By M. Elizabeth Ross, MD, PhD
Nathan Cummings Professor and Head, Laboratory of Neurogenetics and Development; Director, Center
for Neurogenetics; Chair, Neuroscience Graduate Program; Weill Cornell Medical College
SYNOPSIS: The combination of genome-wide association studies with the analysis of messenger ribonucleic acid and unique proteins in the brain, cerebrospinal fluid, and plasma can shed new light on our understanding of the genetic risks for the development of various neurological diseases.
SOURCE: Yang C, Farias FHG, Ibanez L, et al. Genomic atlas of the proteome from brain, CSF and plasma prioritizes proteins implicated in neurological disorders. Nat Neurosci 2021; Jul 8. doi: 10.1038/s41593-021-00886-6. [Online ahead of print].
A number of genome-wide association studies (GWAS) have used populations to identify genome regions (loci) associated with complex traits in various common medical diseases, including diabetes, cardiovascular disease, Alzheimer’s disease, and other neurodegenerative disorders. When combined with ribonucleic acid (RNA) sequence data, typically from blood mononuclear cells, it has been possible to generate expression quantitative trait loci, or eQTLs, to help identify the genetic variants that drive phenotypic manifestations of disease. The report by Yang and colleagues at Washington University provides a next critical step in the process by using protein expression combined with genetic loci to identify protein QTLs, or pQTLs, to find biologically meaningful associations, new biomarkers, and promising drug targets for treating neurological disease.
Since deoxyribonucleic acid (DNA) sequence alterations may lead to altered protein levels without affecting levels of messenger RNA, pQTLs have the potential to reveal important disease associations that otherwise would not be detected using eQTLs. This report is of special interest since it examines protein levels not only in plasma but also in parietal brain tissue and cerebrospinal fluid (CSF) as well.
Starting with a cohort of 1,537 participants of European ancestry, groups broke down into 971 CSF samples from participants (249 with Alzheimer’s disease, 717 cognitively normal); 636 plasma samples (230 patients with Alzheimer’s disease, 401 cognitively normal); 458 parietal brain samples (297 patients, 27 normal controls, and 134 with unknown status [e.g., frontotemporal dementia and other neurological disorders]). Although other studies have examined the proteome using mass spectrometry, this project employed the capture of proteins using an aptamer-based platform consisting of modified, fluorescently tagged, single-strand DNA molecules that individually bind to specific proteins.

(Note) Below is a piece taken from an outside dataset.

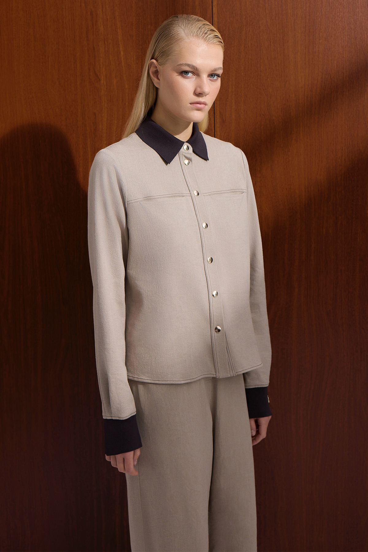 Triko Yakalı Denim Gömlek Stone

Relative protein concentrations were measured by fluorescence intensity, which allowed for high throughput evaluation of 1,305 proteins.
The differential expression of proteins between patients and controls was compared to DNA genome sequence, single nucleotide polymorphisms (SNPs) that were defined as in “cis” (within 1 Mb upstream or downstream of the differentially expressed protein) or in “trans” (an SNP more than 2 Mb away from the gene encoding a particular protein differentially expressed).
Investigators found 274 significant pQTLs in CSF (223 of them novel), 127 in plasma (17 novel), and 32 in brain samples (27 of them novel). Several take-home points emerged. The majority of pQTLs (76% to 94%) were in cis, with SNPs close by to the gene encoding a differentially expressed protein. This likely accounts for the observed 42% to 53% of cis-pQTLs relating to a protein-coding SNP, contrasted with only 2% to 5% of RNA-based eQTLs, explained by protein-coding SNPs. Of those pQTLs in trans, more than 90% were on a different chromosome than the gene encoding the protein in question, suggesting an indirect, downstream effect of that genetic locus on the target protein.
Compared with other types of QTLs, 48% of brain pQTLs and 76.6% of CSF pQTLs in this study had no overlap with RNA expression, RNA splicing, DNA methylation, or histone acetylation. The authors interpreted this as indicating that protein level expression may provide some of the missing heritability of neurological disease, especially when combined with other molecular traits. They also analyzed proteins implicated in these pQTLs to statistically identify proteins associated with disease risk (an approach called Mendelian randomization, or MR).
Relating to Alzheimer’s disease risk, the researchers found three proteins in CSF, 13 in plasma, and seven in brain samples. For example, variants in CD33 — a microglia-specific gene — emerged as a signal for Alzheimer’s disease risk. A clinical trial for anti-CD33 antibody as a therapeutic for Alzheimer’s disease currently is underway.
COMMENTARY
This report is significant as an advance in the availability of large-scale proteomic information in multi-tissue datasets that may be applied to pQTLs using existing GWAS data for these and other neurological disorders. The report constitutes a unique resource for expanding MR analyses of complex traits contributing to neurological disorders. Through integration with other QTL and omic data analyses, this approach has the potential to fill a substantial gap in understanding the contribution of genetic variation — in combination with environmental influences — to brain disease.